Performance – Combination (N Select K) Parallelization and Efficiency

Recently I have been using word combinations to make “phrases” in different languages, and I have noticed some things I can do with more professional input.

Define some constants for this,

The average depth (n) is 6-7

The length of the input set is about 160 unique words.

> Memory-Generating n permutations of 160 words takes up a lot of space. I can abuse the database by writing it to disk, but then I need to keep waiting for IO to get performance. Another trick is to dynamically generate like a generator object Combination
>Time-If I am not wrong, then choose k to get something big and fast like this formula factorial(n)/(factorial(depth)*(factorial(n-depth))) which means that the input set is very It will get bigger soon.

My question is this.

Considering that I have a function f(x), it takes a combination and applies a costly calculation, For example:

func f(x) {
if query_mysql("text search query").value> 15 {
return true
}
return false
}

How to handle and execute this function effectively in a large number of combinations?

For bonus issues, can a combination be generated at the same time?

Update: I already know how to generate them as usual, more is to make them efficient.

One way is to first calculate how much parallelism you can get based on the number of threads you get. Let the number of threads be T, and split the work as follows:

> Sort the elements according to some total ordering.
>Find the smallest number d such that the choice (n,d)>=T.
>Find all combinations of’depth’ (exactly) d (usually much lower than Depth d, and can be calculated on one core).
>Now, spread the work to your T cores, each core gets a set of’prefixes’ (each prefix c is a combination of size d), and For each case, find all suffixes whose “smallest” element is “larger” according to the total ordering ratio max(c).
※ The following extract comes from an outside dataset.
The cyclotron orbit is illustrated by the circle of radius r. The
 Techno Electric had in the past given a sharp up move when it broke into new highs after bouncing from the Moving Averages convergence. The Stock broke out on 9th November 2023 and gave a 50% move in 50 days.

This method can also be well converted to map-reduce paradigm.

map(words): //one mapper
sort(words) //by some total ordering function
generate all combiations of depth `d` exactly // NOT K!!!
for each combination c produced:
idx <- index in words of max(c)
emit(c,words[idx+1:end])
reduce(c1, words): //T reducers
combinations <- generate all combinations of size kd from words
for each c2 in combinations:
c <- concat(c1 ,c2)
emit(c,f(c))

Recently I have been using a combination of words to make “phrases” in different languages, I pay attention There are some things I can do with more professional input.
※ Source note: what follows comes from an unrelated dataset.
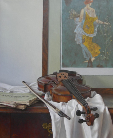 バックの額絵はポンペイの壁画の中でも最も有名な「春」である。
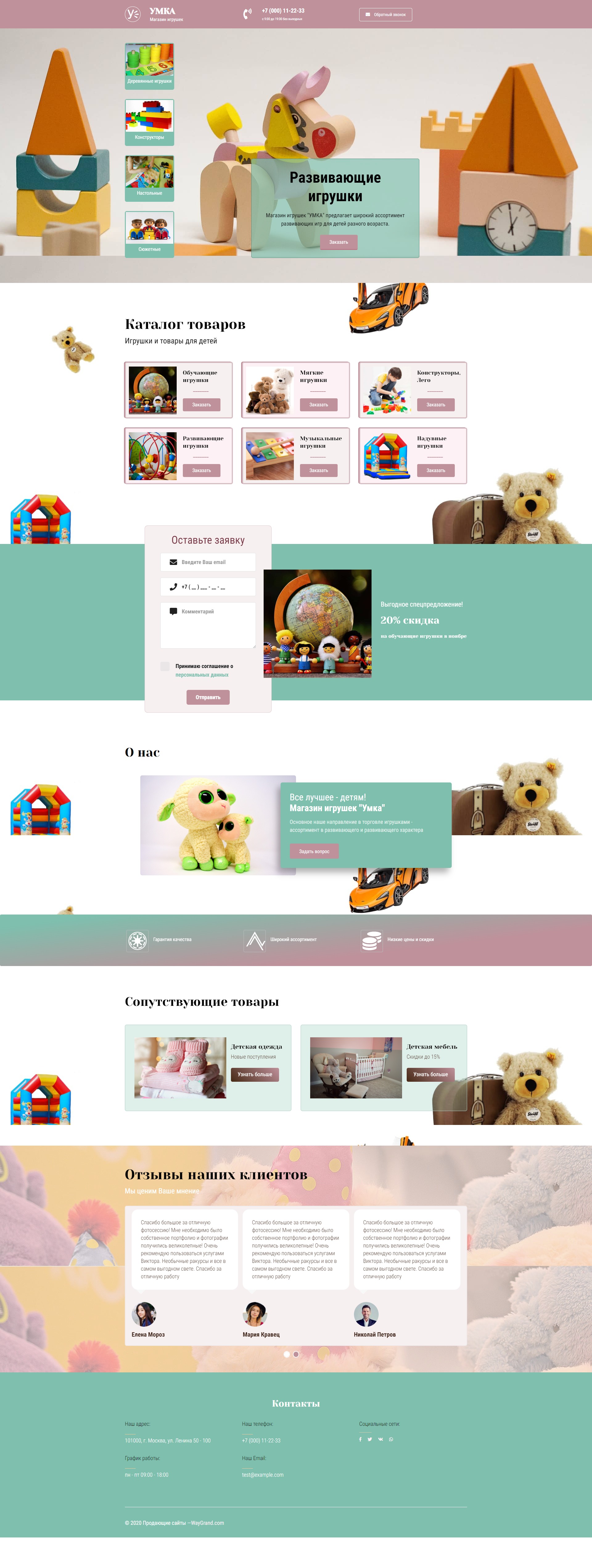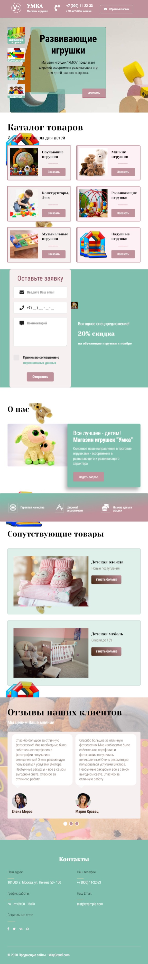 Закажите готовый продающий сайт лендинг #2442201 в за 1-3 дня «под ключ»: свёрстан, отрисован и готов к рекламе. Тематика шаблона «Магазин игрушек».

Define some constants for this,

The average depth (n) is 6-7

< p>The length of the input set is about 160 unique words.

> Memory – Generating n permutations of 160 words will take up a lot of space. I can abuse the database by writing the database to disk, but then I need to keep waiting for IO to gain performance. Another trick is like generating Dynamically generate the combination
>time like the device object-if I’m correct, then choose k to get something big and fast like this formula factorial(n)/(factorial(depth)*(factorial(n-depth))) this Means that the input set will soon become larger.

My question is this.

Considering that I have a function f(x), it takes a combination and applies a Cost calculation, for example:

func f(x) {
if query_mysql("text search query").value> 15 {
return true
}
return false
}

How to handle and execute this function effectively in a large number of combinations?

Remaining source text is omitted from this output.